Flight control assembly and mobile device

Technical Field

The utility model relates to an unmanned air vehicle technique field especially relates to a fly accuse subassembly and mobile device.

Background

The unmanned aerial vehicle is often provided with the flight control subassembly, and the flight control board of flight control subassembly needs to take damping measures in order to reduce the influence of external vibration to the flight control board. Among the prior art, fly to control the subassembly and include the casing, set up flying control board and damping assembly in the casing, damping assembly includes two damping gaskets, and two damping gasket fixed connection are on flying control board's upper and lower surface to respectively with the interior upper wall and the interior lower wall butt of casing. The vibration reduction assembly isolates the flight control panel from the shell, and the purpose of reducing the vibration of the flight control panel is achieved.

Among the prior art, damping subassembly greatly increased the thickness of flying to control the subassembly to flying to control the board and pressing from both sides between two damping gaskets, making on the one hand fly to control the board and be difficult to the heat dissipation, on the other hand makes flying to control the board and be difficult to realize the location on the horizontal direction.

Therefore, a flight control assembly is needed to solve the above problems.

SUMMERY OF THE UTILITY MODEL

An object of the utility model is to provide a fly accuse subassembly and mobile device to reduce the thickness that flies the accuse subassembly, improve the radiating efficiency who flies the control panel, and realize the location that flies the control panel fast and effectively.

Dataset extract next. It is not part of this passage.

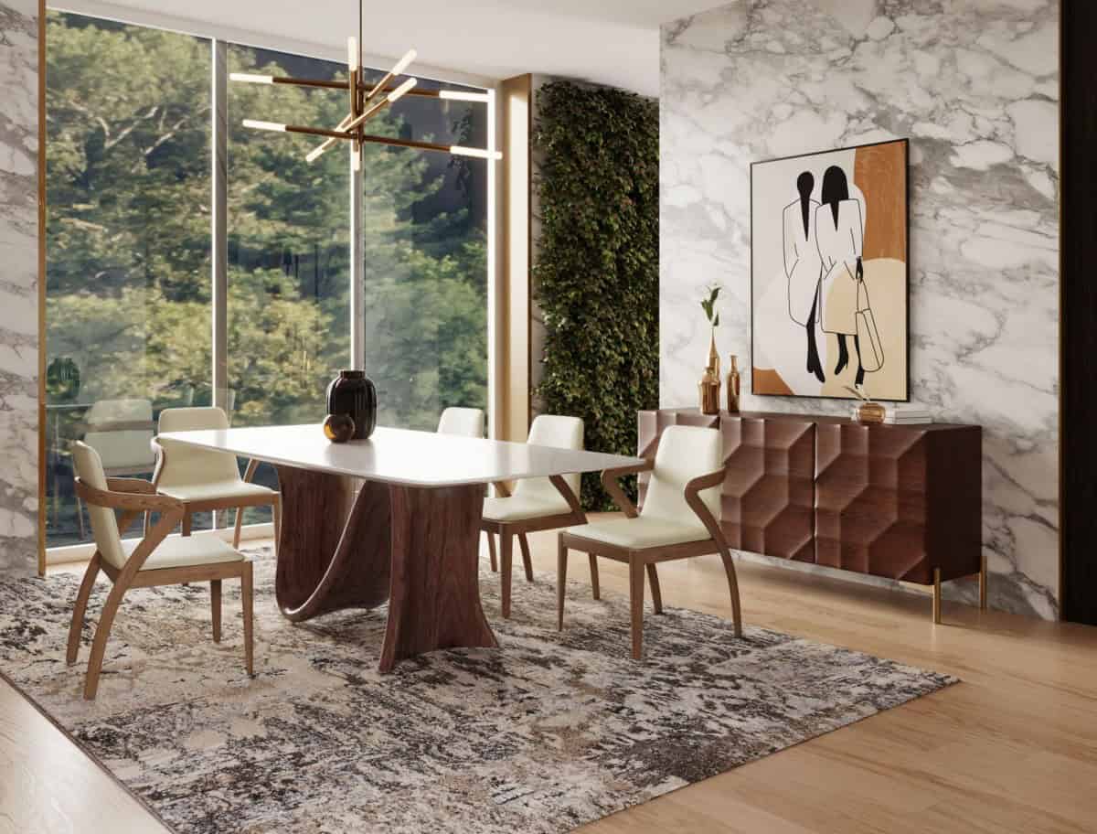 Modrest Carrizo – Contemporary Walnut + Marble Dining Table and Chairs

To achieve the purpose, the utility model adopts the following technical proposal:

a flight control assembly comprising:

a housing having an accommodating chamber;

the vibration damping piece is arranged in the accommodating cavity at intervals along a first direction, and the two vibration damping pieces are respectively abutted against the inner wall of the accommodating cavity;

the connecting plate is clamped between the two vibration damping pieces, a positioning boss is arranged on one side of the connecting plate, a positioning hole is formed in the vibration damping piece adjacent to the positioning boss, and the positioning boss is inserted into the positioning hole;

the flying control plate is arranged on one side, far away from the positioning boss, of the connecting plate, a containing hole penetrating along the first direction is formed in the vibration damping piece adjacent to the flying control plate, and the flying control plate is arranged in the containing hole.

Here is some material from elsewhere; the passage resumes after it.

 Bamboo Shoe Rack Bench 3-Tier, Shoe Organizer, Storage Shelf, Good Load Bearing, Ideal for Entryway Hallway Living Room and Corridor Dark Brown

Preferably, a distance is provided between the circumferential surface of the connecting plate and the inner side wall of the accommodating cavity.

Preferably, the housing has a through hole corresponding to the receiving hole.

Preferably, the vibration damping member is in a compressed state in the accommodating cavity, and an avoiding groove for avoiding the deformation of the vibration damping member is formed in the circumferential direction of the inner side wall of the accommodating cavity.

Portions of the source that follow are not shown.